COMPOSITION DE LA COUR LORS DES DEBATS :
Madame Elisabeth MEHL-JUNGBLUTH, présidente de la chambre, et Madame Sandrine PILON, conseillère, ont entendu les plaidoiries, les parties ne s’y étant pas opposées. Elles en ont rendu compte à la cour dans son délibéré.
COMPOSITION DE LA COUR LORS DU DELIBERE :
Madame Elisabeth MEHL-JUNGBLUTH, présidente de la chambre,
Madame Christina DIAS DA SILVA, présidente de chambre,
Madame Sandrine PILON, conseillère.
GREFFIER LORS DES DÉBATS ET DE LA MISE A DISPOSITION :
Madame Jocelyne DRAPIER, greffier,
DEBATS :
A l’audience publique du 25 novembre 2024, où l’affaire a été mise en délibéré au 21 janvier 2025,
ARRET :
Contradictoire, prononcé par mise à disposition au greffe le 21 janvier 2025 et signé par Madame Elisabeth MEHL-JUNGBLUTH, présidente de chambre, et Madame Jocelyne DRAPIER, greffier, auquel la minute a été remise par le magistrat signataire.
* * * *
Le 12 juin 2019 Mme [S] [B], née le [Date naissance 1] 1989 et disposant de son permis depuis le mois de juillet 2014, a souscrit auprès de la CNP Assurances Iard un contrat d’assurance pour un véhicule de marque Toucan Volkswagen, immatriculé FG 806 LJ affichant 127 652 km lors de son achat à un particulier à [Localité 10] en Allemagne, pour la somme de 14 000 euros le 28 février 2019.
Elle a déclaré en second conducteur M. [C] [W], né le [Date naissance 3] 1984, ayant son permis depuis le mois de juin 2005. La prime annuelle a été fixée à la somme de 1 412,95 euros qui a été réglée.
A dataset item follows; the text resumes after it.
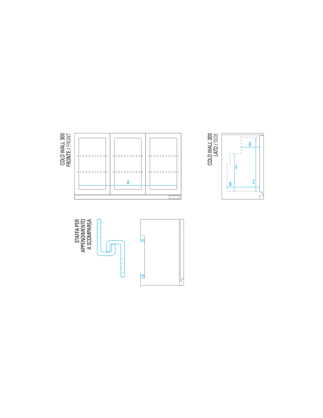 Pensile refrigerato - Modello COLDWALL - 3 porte - Capacità litri 254 - Temperatura -2 + 10 °C - Dimensioni cm 135 x 56,5 x 85,2 h

Ce véhicule, qui inscrivait alors 167 80 km au compteur, a été accidenté le 8 septembre 2020 et, dans un rapport du 2 octobre 2020 rendu par l’expert mandaté par la compagnie d’assurance, il a été déclaré économiquement irréparable (techniquement réparable avec une valeur de remplacement (VRADE) de 8 500 euros.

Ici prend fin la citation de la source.